• Activity:
Copy down the listing below exactly. Do not include pictures.

• Data section:
════════
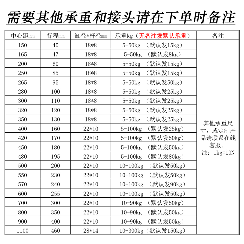 Centre distance 150*stroke 40*pressure(5-50kg) Center distance 165*stroke 47*pressure(5-50kg)Center distance 200*stroke 60*pressure(5
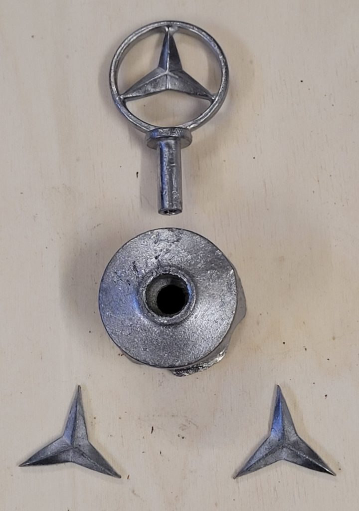 | Abmessung: | Dom, Dm, 4,5 cm, H = 3 cm, Stern Dm. 4 cm, Gesamthöhe = 6,2 cm + zwei kleine Sterne, 3,3 x 3,3 cm |
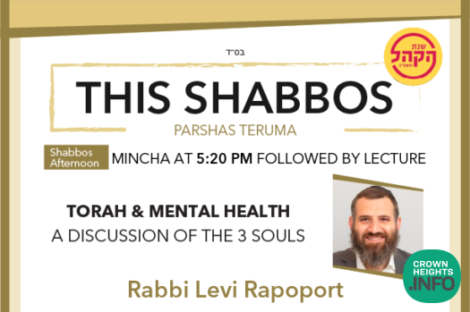 Shabbos at the BESHT: Rabbi Levi Rapoport grew up on Shlichus in Syracuse, NY. He is a licensed psychotherapist working in private practice in Crown Heights and gives a nightly Rambam Shiur at Re’im Ahuvim. He will be giving this week’s shiur on Torah & Mental Health: a discussion of the three souls.
════════
• Exercise solution:
 Centre distance 150*stroke 40*pressure(5-50kg) Center distance 165*stroke 47*pressure(5-50kg)Center distance 200*stroke 60*pressure(5
 | Abmessung: | Dom, Dm, 4,5 cm, H = 3 cm, Stern Dm. 4 cm, Gesamthöhe = 6,2 cm + zwei kleine Sterne, 3,3 x 3,3 cm |
 Shabbos at the BESHT: Rabbi Levi Rapoport grew up on Shlichus in Syracuse, NY. He is a licensed psychotherapist working in private practice in Crown Heights and gives a nightly Rambam Shiur at Re’im Ahuvim. He will be giving this week’s shiur on Torah & Mental Health: a discussion of the three souls.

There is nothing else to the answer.